Fatu Feu’u (born 1946) is a Pacific artist of Samoan origin. Emigrating to New Zealand in 1966, Feu’u has built a well-recognized career as a painter, printmaker and sculptor and is regarded as the godfather of Pacific Contemporary art.
Fatu Feu’u’s practice fuses traditional Pacific and Samoan imagery with European modernism. His regular use of the frangipani flower motif is a trademark and a powerful metaphor for Feu’u’s unification of two visual cultures. Stylistically he is influenced by New Zealand artists Tony Fomison, Phillip Clairmont, Alan Maddox and Colin McCahon of whom he had early associations. Samoan patterns, design, legend, traditional language and biblical text also serve as familiar motif within this artists large body of work.

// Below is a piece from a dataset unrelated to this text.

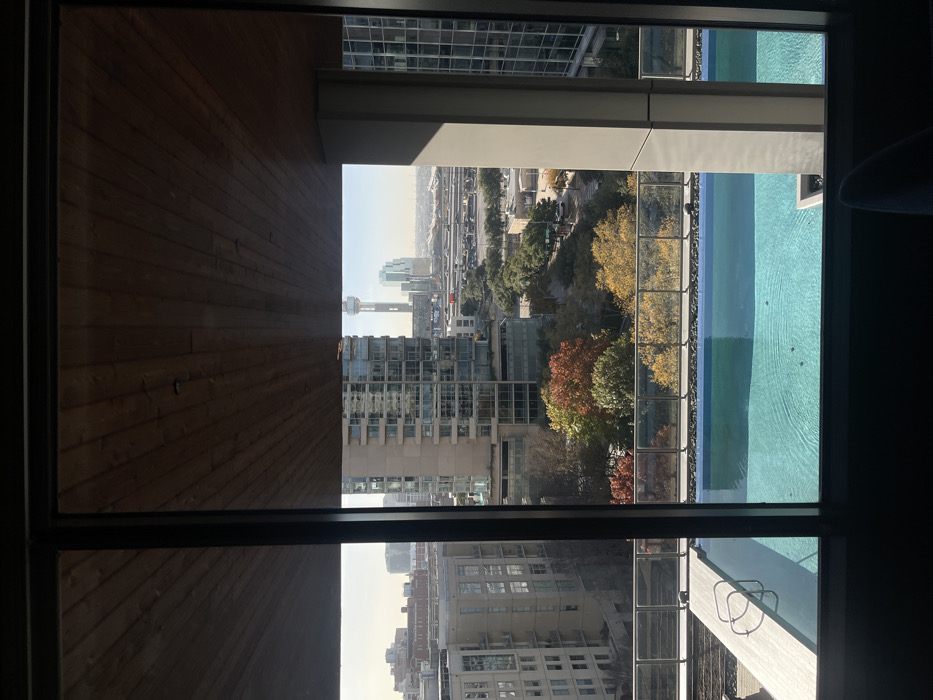 The image presents an urban high-angle view from an interior space in Dallas, United States, looking outwards through a dark-framed window

For decades, Feu’u worked in a relatively insular New Zealand art world in which modern Pacific art was in its infancy . In the late 1980’s Fe’u u and friends established TAUTAI – an organisation dedicated to the recognition and development of Pacific contemporary art in New Zealand. Feu’u’s work was subsequently included in two groundbreaking exhibitions of Pacific contemporary art, Te Moemoea no Iotefa curated by Rangihiroa Panaho (1990) and Bottled Ocean curated by Jim Viviaeare, which toured New Zealand in 1994-1995.

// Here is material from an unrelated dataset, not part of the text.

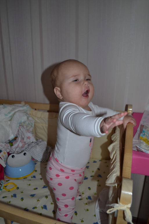 Стоять мы умели давно, я не ставила, боялась, только 1 раз (в 5 мес) провела эксперимент и обнаружила, что стоит она уверенно больше минуты (потом я уже не выдержала и взяла а руки, хотя она была готова стоять еще и еще). Потом она стала вставать сама с опорой и сейчас я уже ставлю ее ненадолго, если она этого просит. А Настя это дело очень любит, аж открывает рот от удовольствия и смотрит на меня такииими счастливыми глазенками!!! Ходит еще очень неуверенно за две ручки, но зато правильно - наступает на всю стопу, за чем я внимательно слежу.

Over the course of his career, Feu’u has gained regional institutional recognition, his work can be found in Te Papa Tongarewa, The Museum of New Zealand, Wellington; The Auckland Art Gallery – Toi O Tamaki, Auckland and the National Gallery, Brisbane, Australia.
Fatu Feu’u lives and works in New Zealand.
(From The Guide, 2001) Fatu Feu’u was born in the village of Poutasi Falealili on the island of Upolu in Samoa. Educated at Apia’s Samoa College, he emigrated to New Zealand in 1966 in order to study art. He was soon encouraged by local artists to continue with his painting, and he has held regular exhibitions since 1983, both nationally and internationally.
His significance as a mentor for other Pacific artists has been widespread, as much through his sense of vocation as by the example of his art. In paintings, prints, and sculpture, Feu’u has transformed traditional design motifs into fresh meanings: tatau, siapo, ufimata, lalaga and gogo – tattoo, barkcloth, masks, weaving and the frigate bird – have together with lapita pottery all contributed to his visual presentation of Samoan legends and fa’a Samoa or Samoan culture.
In Tapa’au (woven coconut mat) the white fuga or blossom of the scented frangipani and the sight and sound of the frigate bird are symbols of birth and life that Samoans understand as being inseparable from their culture. By showing his art to people living outside of Samoa, Fatu Feu’u has revivified the connections between Samoan contemporary life and historical events and reinforced that are each is an ingredient of a transplanted heritage: ‘I’ve taken the traditional art form and brought it into the contemporary, to today, and somebody else can take it to tomorrow. It’s a way of keeping our art alive.’